In this first review, I plan to regularly discuss noteworthy books that have captured my interest over the years. Today, we delve into "Becoming a Data Head," which aims to enhance your understanding of data science, statistics, and machine learning.
Why I Chose This Book
Given my extensive writing on data science communication, I often contemplate the best methods to convey my ideas effectively. Serving as a translator among teams, stakeholders, and clients has significantly propelled my career. Noticing a gap in my reading on data communication recently, I was drawn to this book, which focuses on cultivating a mindset akin to that of a data expert. The title itself suggests a transition into a data-centric way of thinking, essential for those engaged in data-related tasks.
Upon a brief review of its contents, it appeared to strike a favorable balance between technical and commercial insights. Given the scarcity of literature in this area, I deemed it worthwhile to explore further. Additionally, I was mindful that my views are shaped by my unique experiences; both authors boast impressive careers that differ from mine, potentially providing fresh perspectives.
Target Audience
The back cover states:
"Whether you’re a business professional, engineer, executive, or aspiring data scientist, this book is for you."
I find this claim largely accurate. For those with experience in data, much of the content might serve as a helpful refresher. The book is well-structured and presented in an easily understandable manner, making it a valuable resource for revisiting familiar topics.

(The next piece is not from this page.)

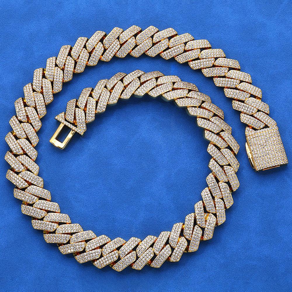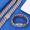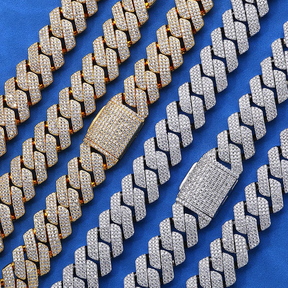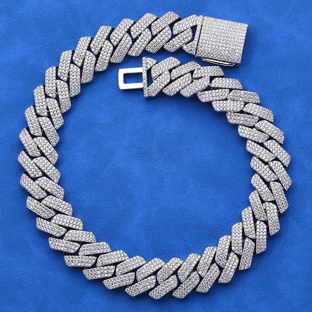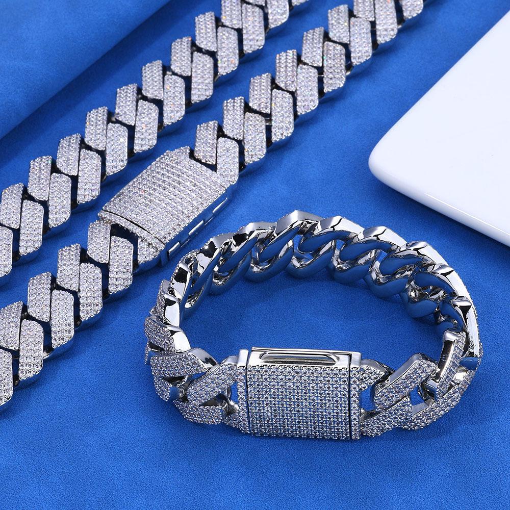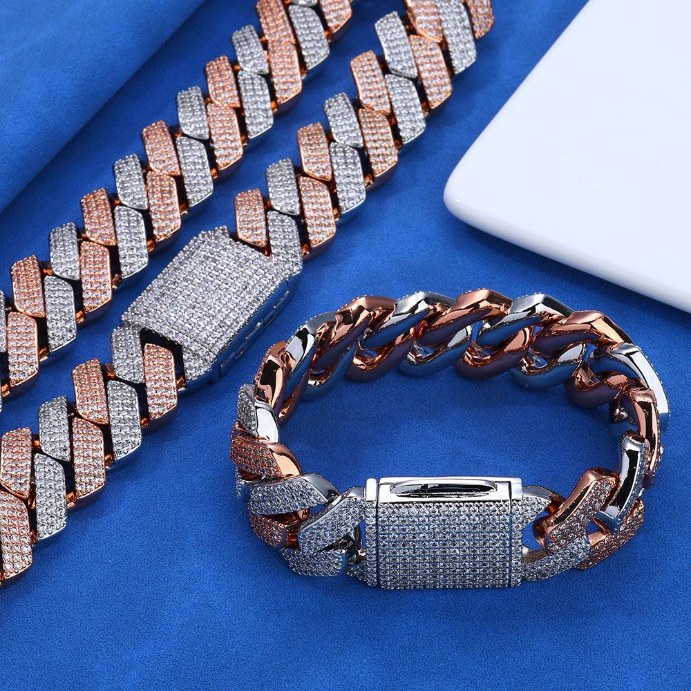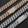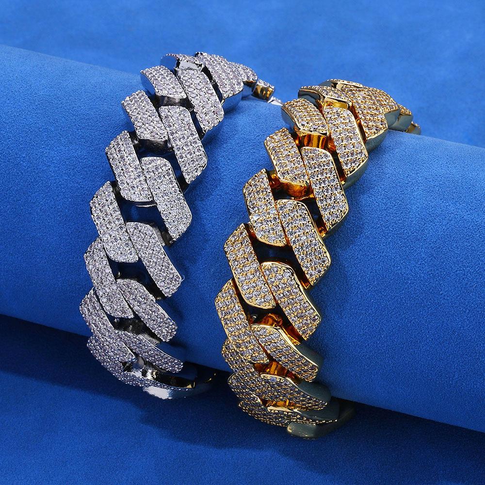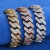 Pulsera Europea y Americana de Marca de Moda para Hombre 20mm Hebilla Plegable Tres Filas de Circonita Rombo Cadena Cubana Gruesa Collar Hip-Hop Venta al por Mayor

As someone well-versed in data science, I sought clear explanations of concepts that resonate with non-technical audiences, and the authors delivered.
This book is particularly beneficial for individuals who work alongside data teams, as well as those eager to grasp the fundamentals of data science without delving into complex technicalities. It's an excellent recommendation for senior leaders interested in understanding the work of their data science teams. Additionally, the book is concise, spanning just 213 pages, making it manageable for busy professionals.

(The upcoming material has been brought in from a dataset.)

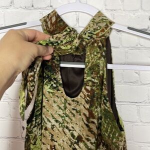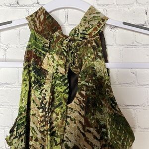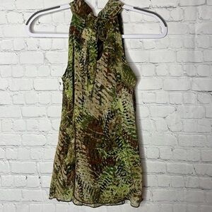 BCX Chiffon Camo Camouflage Sleeveless Summer Halter Top w Front Ruffles Size S
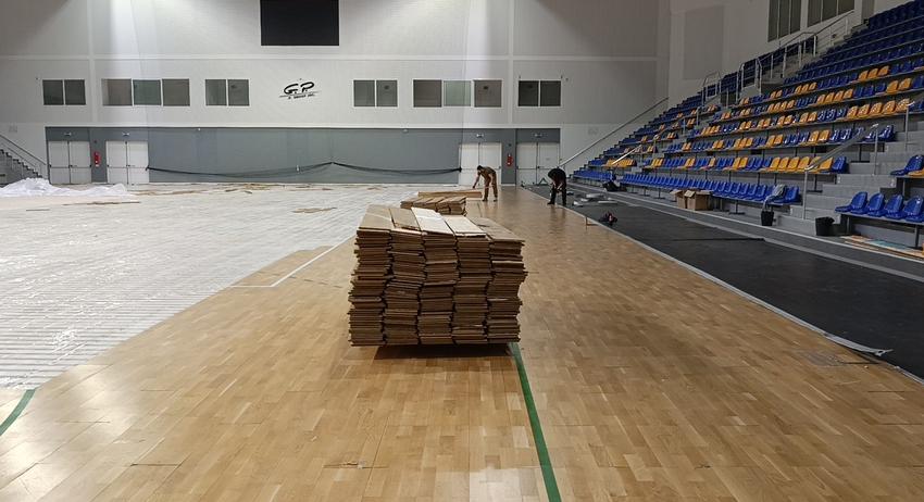 Ремонтът се предприема във връзка с проблеми по досегашната настилка, които възпрепятстваха нормалното протичане на спортните състезания и тренировъчни процеси. Към момента се демонтира старата настилка, започва демонтаж на дървените скари под нея и почистване на терена, в това число и подготовка за полагането на новата подова настилка. Дейностите се планира да продължат до средата на февруари. Изпълнител на ремонта е фирма „Ти Би Флорингс“ ЕООД.

Key Takeaways in Three Sentences
The book offers a refined overview of essential data science concepts, highlighting what is vital to data scientists and the factors that contribute to project success. It emphasizes the critical role of communication and alignment among teams for effective data science outcomes. Furthermore, it introduces key tools in the data science arsenal without overwhelming the reader with advanced mathematics or programming.
Favorite Aspects
I particularly appreciated the book’s four-part structure, guiding readers through the process of framing problems with data, communicating effectively, and utilizing tools for inquiry, before discussing project success and failure. Chapter 13 is especially valuable, with Chapter 14 also worth noting. The authors candidly address industry failures and the confusion created by over-hyped technologies, providing a refreshing honesty.
Lasting Impressions
Reading "Becoming a Data Head" has proven beneficial, offering new perspectives and terminology for my communication strategies. I anticipate referring to this book frequently in my work, as it provides concise and precise descriptions of complex topics. I will undoubtedly recommend it to senior leadership and clients seeking an understanding of data science without the technical jargon.
Final Thoughts
Overall, this book is a worthwhile read that I will advocate for among non-data professionals in leadership and client roles. It succinctly presents core data science topics, ensuring the reader gains the essential knowledge needed to ask informed questions and determine their next steps in the data landscape.